*** Block opens ***

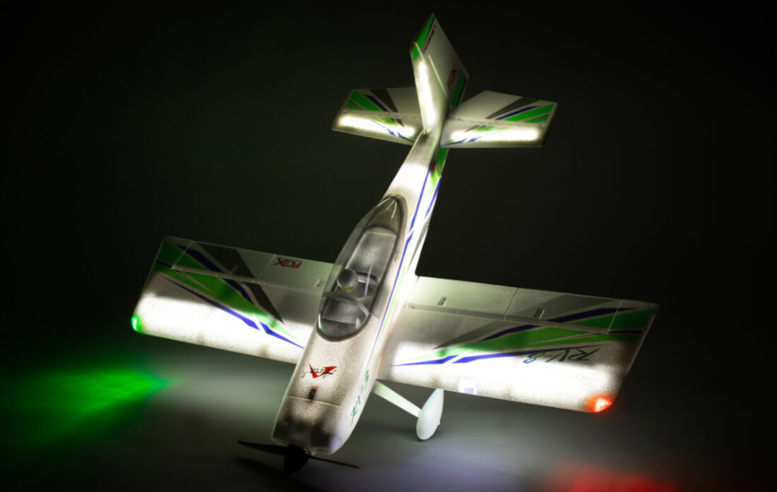 - Die optionale Nachtversion umfasst intern montierte LEDs in den Tragflächen, im Rumpf und in den Stabilisatoren, um das Flugzeug von innen zu beleuchten
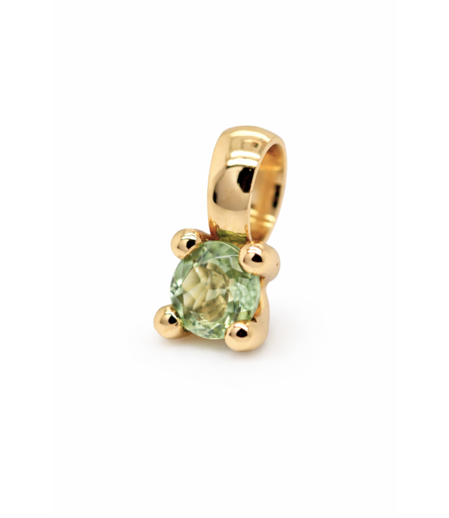 Deze prachtige hanger gemaakt van 18K geelgoud, uit de Lily collectie van Roemer by Bregje In de ring is een gefacetteerde mint groene toermalijn gezet. De ring is ontworpen en gemaakt door onze eigen goudsmid Bregje.  De hanger kan aan verschillende geelgouden kettingen worden gedragen. Wilt u meer weten over wat wij voor u kunnen doen? Neem dan gerust contact met ons op, of kom lang in onze mooie winkel in Roosendaal! onze winkel is makkelijk te bereiken vanaf, Breda, Rotterdam, Bergen op zoom en Zeeland.
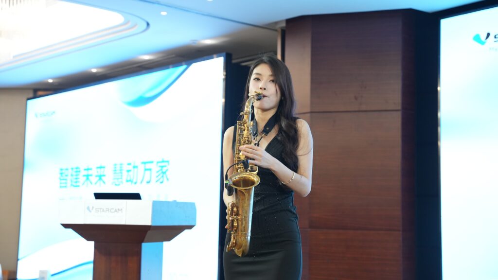 The evening’s roundtable banquet commenced with a melodious saxophone solo, followed by captivating renditions of classic songs such as “The Moon Represents My Heart” and “Glorious Years,” resonating deeply with the entire audience. During the interactive segment, Mr. Yan, Chairman of VStarcam, and Mr. Dong, President of Beijing Tenglong, drew lucky winners to present grand prizes including the latest iPhone 17, propelling the event to its climax. Guests engaged in relaxed and joyful conversations, fostering deeper connections while looking forward to future collaborations.
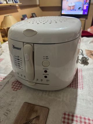 Freidora eléctrica de la marca Saxem, ideal para preparar tus comidas favoritas. - Diseño compacto y fácil de usar. - Indicadores luminosos de encendido y calentamiento. - Control de temperatura ajustable.
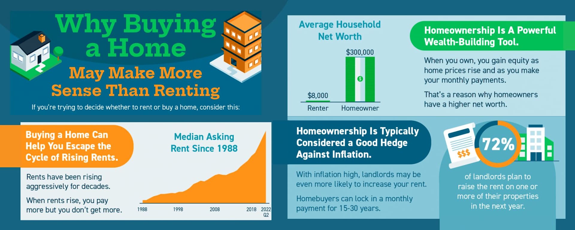 - Homeownership can help you escape the cycle of rising rents, builds your wealth, and serves as a hedge against inflation.
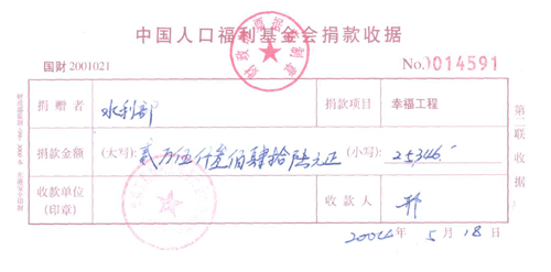 此次捐款總額為25346元,上交幸福工程組織工作委員會25346元(附憑證)。另外,幸福工程組織委會辦公室主任此次在中央國家機關計劃生育辦公室的募捐現場,親自為捐款單位頒發捐贈證書,以示感謝。
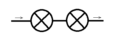 Inaczej sytuacja wygląda, gdy żarówki połączymy szeregowo. Schemat takiego połączenia jest przedstawiony na rysunku:
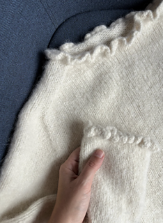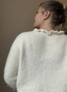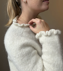 The Easy Ruffle Sweater is a feminine sweater with saddle shoulders and ruffle details. It is made from the top down. Sleeves and the ruffle at the neck are added at the end.
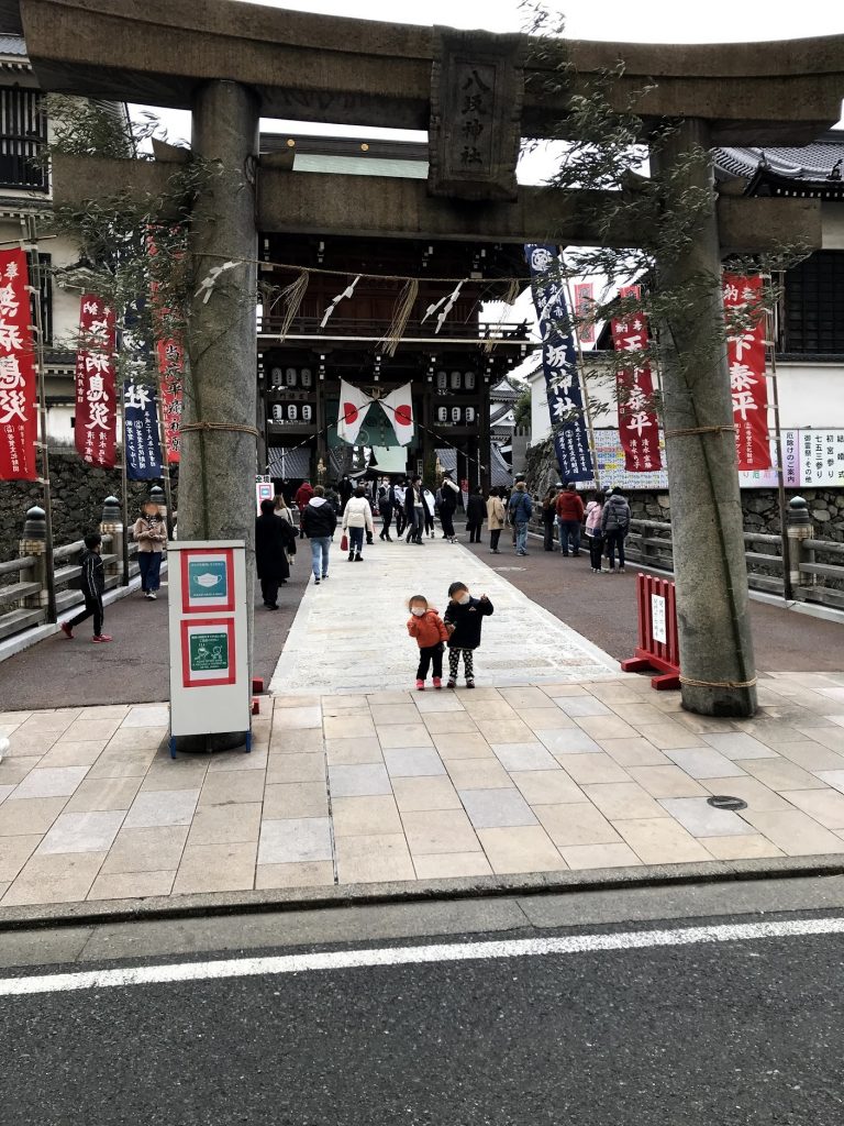 初詣に参りました 2021.01.08 ブログ 今年は小倉の八坂神社に参りました 参拝もソーシャルディスタンスで間隔が設けてあって 密を避けて拝んできました 帰りに梅ヶ枝餅を買って帰りました,おいしかった💛
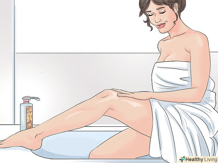 Прийміть теплу ванну.щоб ваша шкіра була здоровою, ванна або душ повинні бути теплими, але не гарячими. Якщо вода буде занадто гаряча, це може викликати лущення шкіри. Не слід занадто сильно обробляти шкіру скрабом, щоб не викликати роздратування.[1] користуйтеся м'яким милом. Слідкуйте, щоб на ньому було написано "для чутливої шкіри."[2]
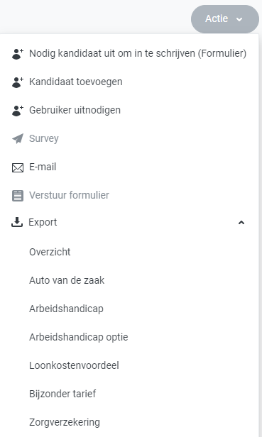 Daarnaast is het mogelijk om naar een geselecteerd aantal kandidaten een e-mail te verzenden, of een export te draaien. Bekijk dit artikel voor meer uitleg over de mogelijke acties op de kandidaat lijstpagina.
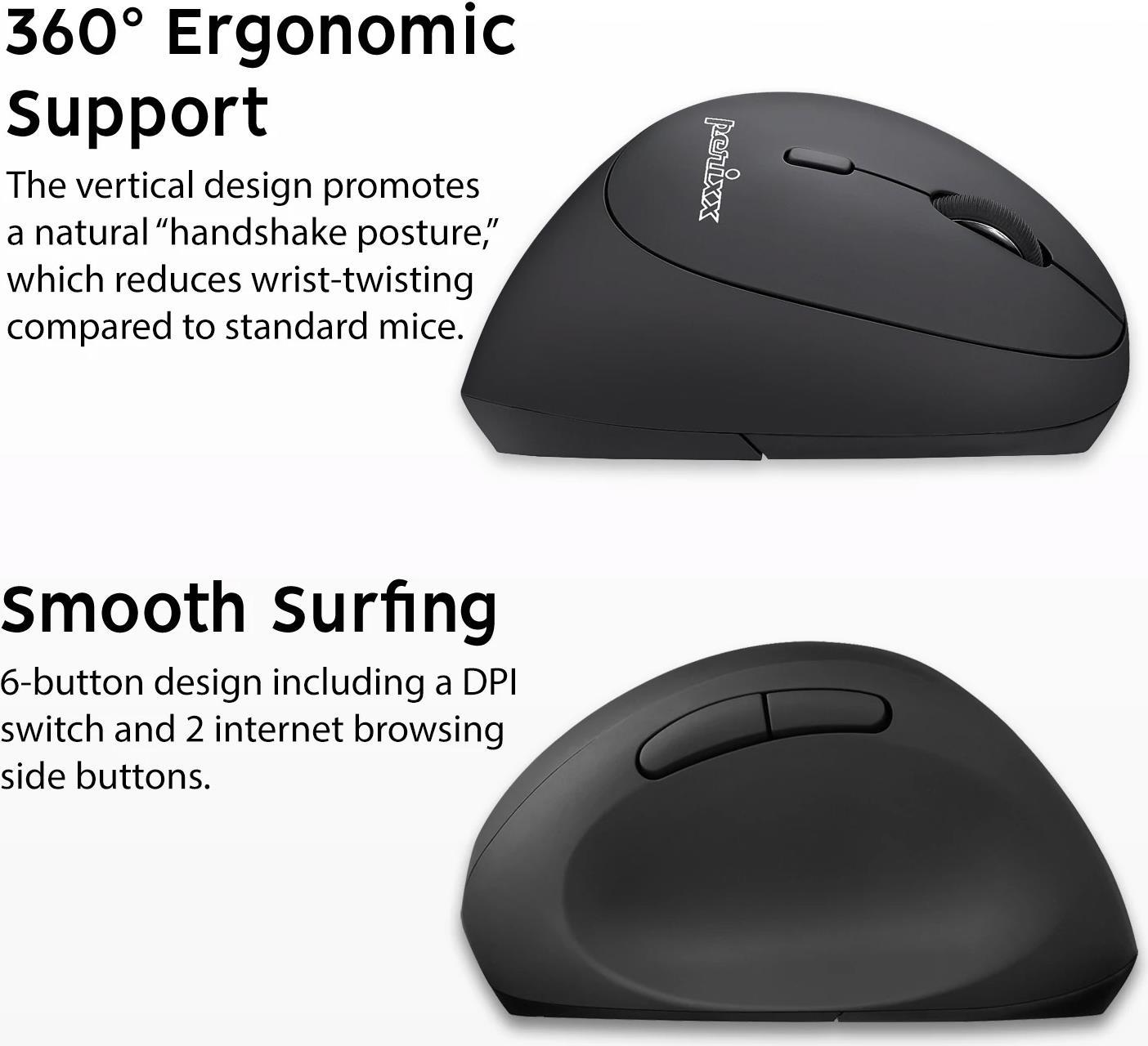 Perixx PERIMICE-719L, Kleine ergonomische Maus für Linkshänder, schnurlos, schwarz (PERIMICE-719L)

*** Block closes ***

■ **Prompt**
Output the whole listing without change. Any picture is to be left out.

■ **Answer**
 - Die optionale Nachtversion umfasst intern montierte LEDs in den Tragflächen, im Rumpf und in den Stabilisatoren, um das Flugzeug von innen zu beleuchten
 Deze prachtige hanger gemaakt van 18K geelgoud, uit de Lily collectie van Roemer by Bregje In de ring is een gefacetteerde mint groene toermalijn gezet. De ring is ontworpen en gemaakt door onze eigen goudsmid Bregje.  De hanger kan aan verschillende geelgouden kettingen worden gedragen. Wilt u meer weten over wat wij voor u kunnen doen? Neem dan gerust contact met ons op, of kom lang in onze mooie winkel in Roosendaal! onze winkel is makkelijk te bereiken vanaf, Breda, Rotterdam, Bergen op zoom en Zeeland.
 The evening’s roundtable banquet commenced with a melodious saxophone solo, followed by captivating renditions of classic songs such as “The Moon Represents My Heart” and “Glorious Years,” resonating deeply with the entire audience. During the interactive segment, Mr. Yan, Chairman of VStarcam, and Mr. Dong, President of Beijing Tenglong, drew lucky winners to present grand prizes including the latest iPhone 17, propelling the event to its climax. Guests engaged in relaxed and joyful conversations, fostering deeper connections while looking forward to future collaborations.
 Freidora eléctrica de la marca Saxem, ideal para preparar tus comidas favoritas. - Diseño compacto y fácil de usar. - Indicadores luminosos de encendido y calentamiento. - Control de temperatura ajustable.
 - Homeownership can help you escape the cycle of rising rents, builds your wealth, and serves as a hedge against inflation.
 此次捐款總額為25346元,上交幸福工程組織工作委員會25346元(附憑證)。另外,幸福工程組織委會辦公室主任此次在中央國家機關計劃生育辦公室的募捐現場,親自為捐款單位頒發捐贈證書,以示感謝。
 Inaczej sytuacja wygląda, gdy żarówki połączymy szeregowo. Schemat takiego połączenia jest przedstawiony na rysunku:
 The Easy Ruffle Sweater is a feminine sweater with saddle shoulders and ruffle details. It is made from the top down. Sleeves and the ruffle at the neck are added at the end.
 初詣に参りました 2021.01.08 ブログ 今年は小倉の八坂神社に参りました 参拝もソーシャルディスタンスで間隔が設けてあって 密を避けて拝んできました 帰りに梅ヶ枝餅を買って帰りました,おいしかった💛
 Прийміть теплу ванну.щоб ваша шкіра була здоровою, ванна або душ повинні бути теплими, але не гарячими. Якщо вода буде занадто гаряча, це може викликати лущення шкіри. Не слід занадто сильно обробляти шкіру скрабом, щоб не викликати роздратування.[1] користуйтеся м'яким милом. Слідкуйте, щоб на ньому було написано "для чутливої шкіри."[2]
 Daarnaast is het mogelijk om naar een geselecteerd aantal kandidaten een e-mail te verzenden, of een export te draaien. Bekijk dit artikel voor meer uitleg over de mogelijke acties op de kandidaat lijstpagina.
 Perixx PERIMICE-719L, Kleine ergonomische Maus für Linkshänder, schnurlos, schwarz (PERIMICE-719L)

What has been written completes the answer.